Garry Hill

Managerial career
- Years: Team
- 0000: Priory Sports
- 1991–1997: Heybridge Swifts
- 1997–1999: St Albans City
- 1999–2004: Dagenham & Redbridge
- 2004–2005: Hornchurch
- 2005–2007: Weymouth
- 2007–2009: Rushden & Diamonds
- 2011–2017: Woking
- 2018–2019: Ebbsfleet United

= Garry Hill =

English football manager

Garry Hill is an English football manager who was last the manager of National League club Ebbsfleet United.
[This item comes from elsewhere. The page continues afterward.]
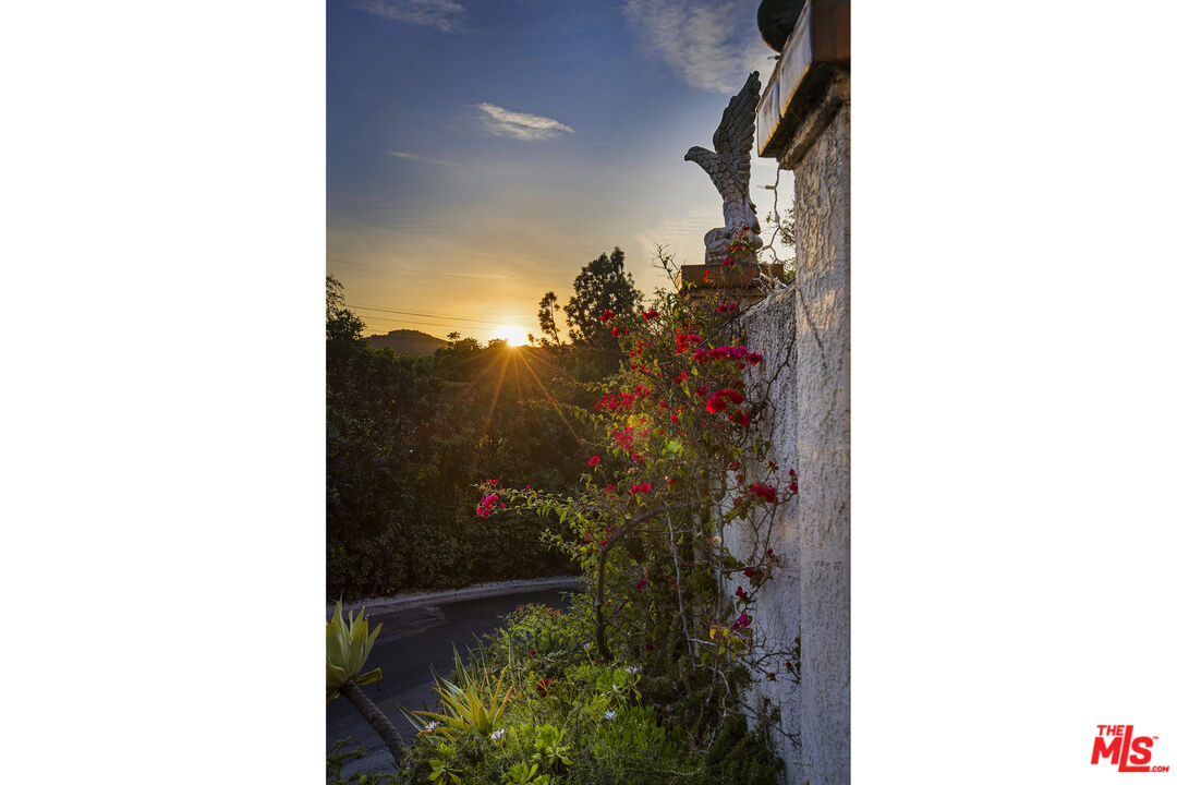 Casa de Manana- Spanish Colonial Revival. Timeless Spanish Colonial Revival residence set on a private canyon lot with sweeping western sunset and city views. Lovingly restored with exceptional attention to detail, blending classic Mediterranean warmth with artisanal craftsmanship. Features include a traditional red clay tile roof, arched entryways, lath-and-plaster walls, handmade tile accents, and beautifully preserved original details throughout. Charming courtyard entry with fountain and magnolia tree leads to a romantic portico and below-ground wine bodega. Interior highlights include tongue-and-groove oak and mahogany floors, stained wood doors, leaded stained-glass windows, original light fixtures and hardware. Elegant living room with gas fireplace adorned with rare Spanish tiles opens via French doors to a serene patio, koi pond, and manicured gardens beneath a century-old oak. Spacious chef's kitchen with canyon views, stone countertops, breakfast bar, rich cabinetry, Wolf range, and breakfast nook flows seamlessly into dining and family areas. Additional upgrades include a new electrical panel, sewer, and all water pipes replaced with copper. Private deck with hot tub and fire pit provide the perfect setting to enjoy unforgettable sunsets. A rare and beautifully preserved architectural offering.

He previously managed Woking, Heybridge Swifts, St Albans City, Dagenham & Redbridge, Hornchurch, Weymouth and Rushden & Diamonds.

==Coaching career==

===Heybridge Swifts===
Hill began his non-league managerial career with Heybridge Swifts, following a spell managing Chelmsford Sunday League side Priory Sports, where he managed former professional players Alan Brazil, Micky Droy and Paul Parker. Hill took the village team to the Isthmian Premier Division and the FA Cup first round for the first time.

===St Albans City===
He then moved on to St Albans City before in the summer of 1999 taking over as manager of Dagenham & Redbridge.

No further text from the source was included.